5. 46% of Americans only guess at how much money they need for their retirement

Nearly half of the workers surveyed in Transamerica's last retirement study agreed that they figured out how much they needed to save for retirement. Only 12% had used a retirement calculator or spreadsheet to help them get an accurate estimate. Generation X and baby boomers estimated that they would need about $ 500,000 for their retirement, while the millennials would need only $ 400,000. But both estimates may be too low. A MetLife study estimated the average cost of retirement at $ 738,400 and it is not unreasonable to think that you will need $ 1 million or more if you live in a place where the cost of living is high .

How to consolidate your retirement savings

If you are one of the 46% to guess the amount of your retirement savings, it's time to develop a real plan. Start by estimating how much time you expect to live and calculate high. According to the Social Security Administration, one in four 65-year-olds will live past 90 years old today and one in 10 will live beyond 95 years. Subtract the age at which you plan to retire to obtain the estimated duration of your retirement.

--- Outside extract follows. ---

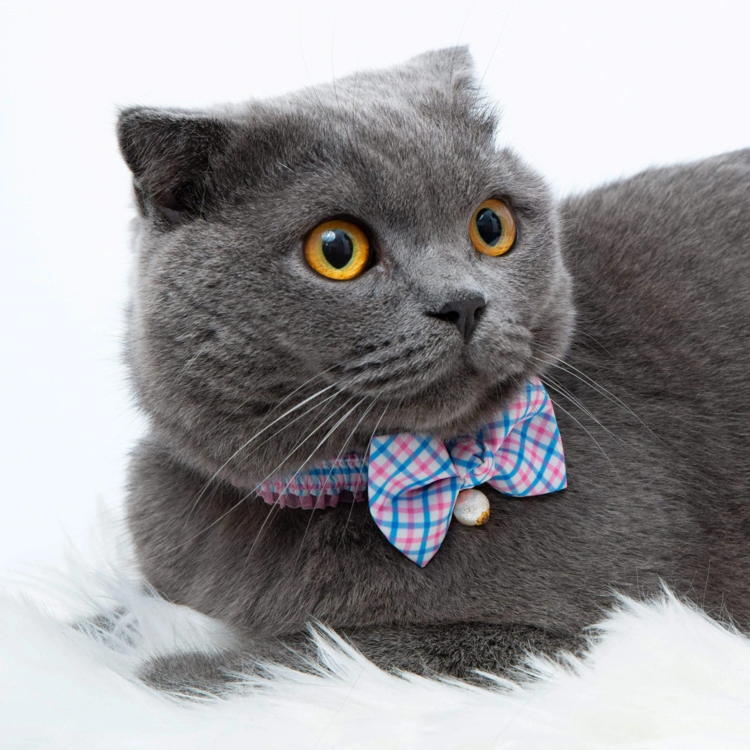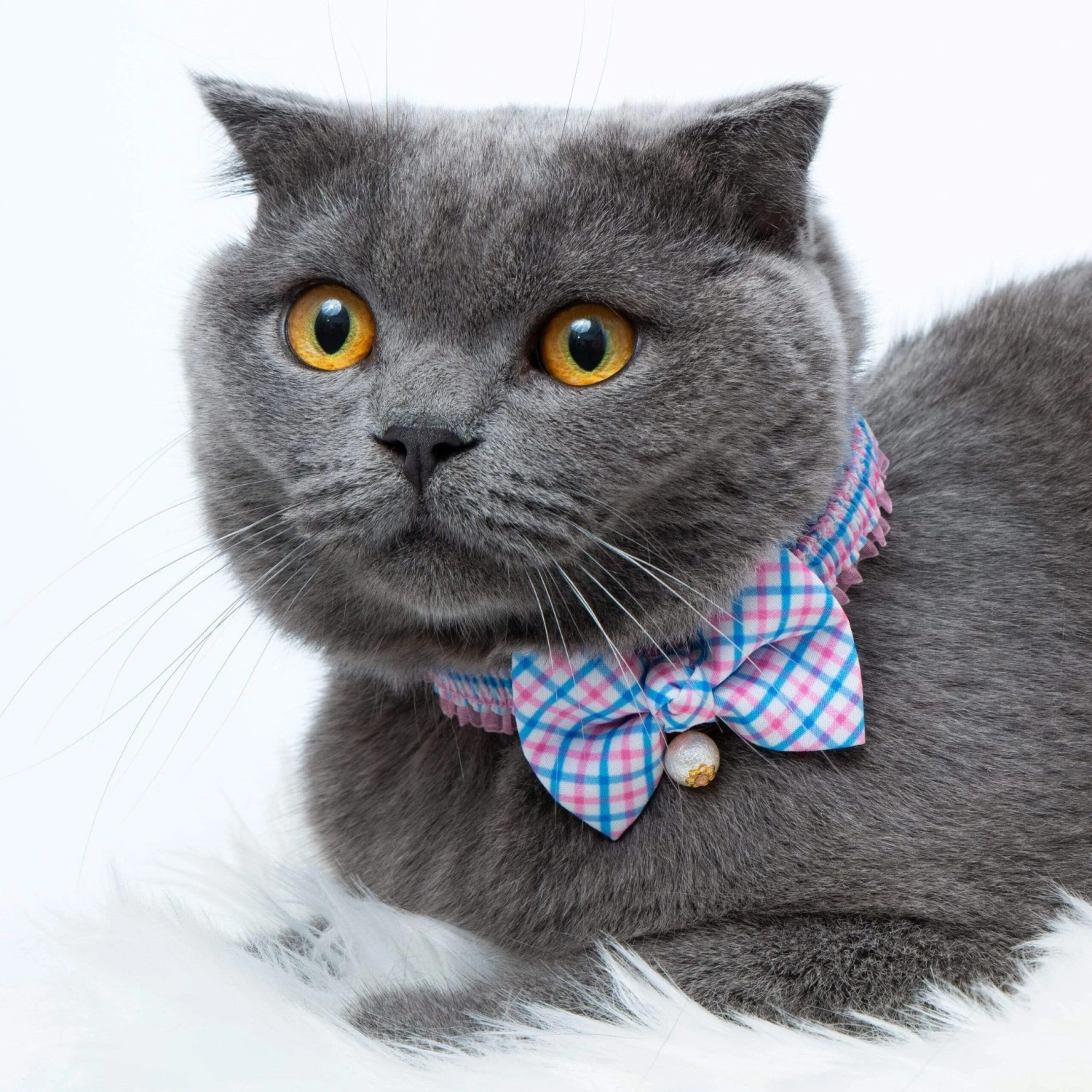 Plaid Bowtie Cat Collar With Pearl For Stylish Felines

Then, estimate your annual living expenses at retirement and multiply them by the number of years of your retirement, adding 3% per year for inflation. A retirement calculator will do this calculation for you. Once you have your estimated total cost of retirement, subtract from this amount any amount you expect to receive from pensions, Social Security or 401 (k) employer equivalents. You can estimate your social security benefit by creating a My Social Security account. The remaining amount is what you need to save on your own. Your calculator should also give you an estimate of what you need to save per month to reach your goal.

The next step is to open retirement accounts if you do not already have them. Your employer can offer a 401 (k). Start here, especially if your business matches some of your contributions. If your company does not offer a 401 (k), open an IRA instead. Traditional IRAs being tax free, they reduce your taxable income this year, but you pay taxes on your retirement distributions. The Roth IRAs work in the opposite direction. You pay taxes on your initial contributions, but no tax on distributions at retirement. Traditional IRAs make more sense if you believe you are in a higher tax bracket today than you will be retired, while Roth IRAs make more sense if you think you are in the market today. same slice of taxation or in a lower tax bracket today retirement.

Try to contribute as much as your retirement calculator recommends it every month, or more if you want an extra cushion. If you can not save as much now, save as much as possible and try to increase your contributions by 1% of your salary each year. Avoid early withdrawals, even if you have a valid reason, such as a first purchase. Save for these and emergency expenses in a savings account.

The above statistics on retirement savings Americans are disastrous, but you can surpass the odds by creating a solid retirement plan, by diligently saving up and taking advantage of the 401 (k) employer match available.